### WHAT IS EXPECTED
Pictures in the listing below are skipped, while the lines from the "Τα συλλυπητήρια τους" line through the "Eleva tus eventos" line are returned word for word.

### LISTED ENTRIES
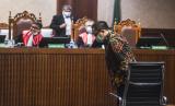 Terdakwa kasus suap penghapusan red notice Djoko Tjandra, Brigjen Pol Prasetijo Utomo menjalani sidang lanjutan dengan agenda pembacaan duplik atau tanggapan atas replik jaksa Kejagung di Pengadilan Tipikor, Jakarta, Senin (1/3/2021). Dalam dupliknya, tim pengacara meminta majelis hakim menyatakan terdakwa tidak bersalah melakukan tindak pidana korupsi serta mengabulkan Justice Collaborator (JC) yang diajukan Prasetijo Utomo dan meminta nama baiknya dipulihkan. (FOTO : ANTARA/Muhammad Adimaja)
---
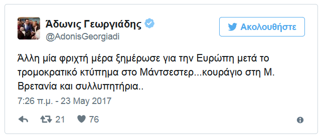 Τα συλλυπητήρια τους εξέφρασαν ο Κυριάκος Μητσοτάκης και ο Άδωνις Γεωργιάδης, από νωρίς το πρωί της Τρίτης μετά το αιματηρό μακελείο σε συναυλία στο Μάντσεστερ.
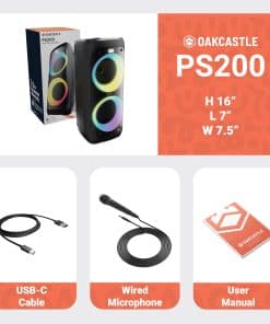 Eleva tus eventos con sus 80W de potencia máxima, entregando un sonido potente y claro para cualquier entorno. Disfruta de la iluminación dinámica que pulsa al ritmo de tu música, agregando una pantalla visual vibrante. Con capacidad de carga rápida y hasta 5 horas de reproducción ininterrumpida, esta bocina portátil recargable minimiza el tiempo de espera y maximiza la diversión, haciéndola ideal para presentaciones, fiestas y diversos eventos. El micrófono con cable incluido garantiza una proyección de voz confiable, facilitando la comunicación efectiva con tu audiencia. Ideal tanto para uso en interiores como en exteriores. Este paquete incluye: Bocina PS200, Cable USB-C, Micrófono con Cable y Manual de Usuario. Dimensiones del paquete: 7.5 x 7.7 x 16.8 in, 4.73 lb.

### RESPONSE TO THIS EXERCISE
 Τα συλλυπητήρια τους εξέφρασαν ο Κυριάκος Μητσοτάκης και ο Άδωνις Γεωργιάδης, από νωρίς το πρωί της Τρίτης μετά το αιματηρό μακελείο σε συναυλία στο Μάντσεστερ.
 Eleva tus eventos con sus 80W de potencia máxima, entregando un sonido potente y claro para cualquier entorno. Disfruta de la iluminación dinámica que pulsa al ritmo de tu música, agregando una pantalla visual vibrante. Con capacidad de carga rápida y hasta 5 horas de reproducción ininterrumpida, esta bocina portátil recargable minimiza el tiempo de espera y maximiza la diversión, haciéndola ideal para presentaciones, fiestas y diversos eventos. El micrófono con cable incluido garantiza una proyección de voz confiable, facilitando la comunicación efectiva con tu audiencia. Ideal tanto para uso en interiores como en exteriores. Este paquete incluye: Bocina PS200, Cable USB-C, Micrófono con Cable y Manual de Usuario. Dimensiones del paquete: 7.5 x 7.7 x 16.8 in, 4.73 lb.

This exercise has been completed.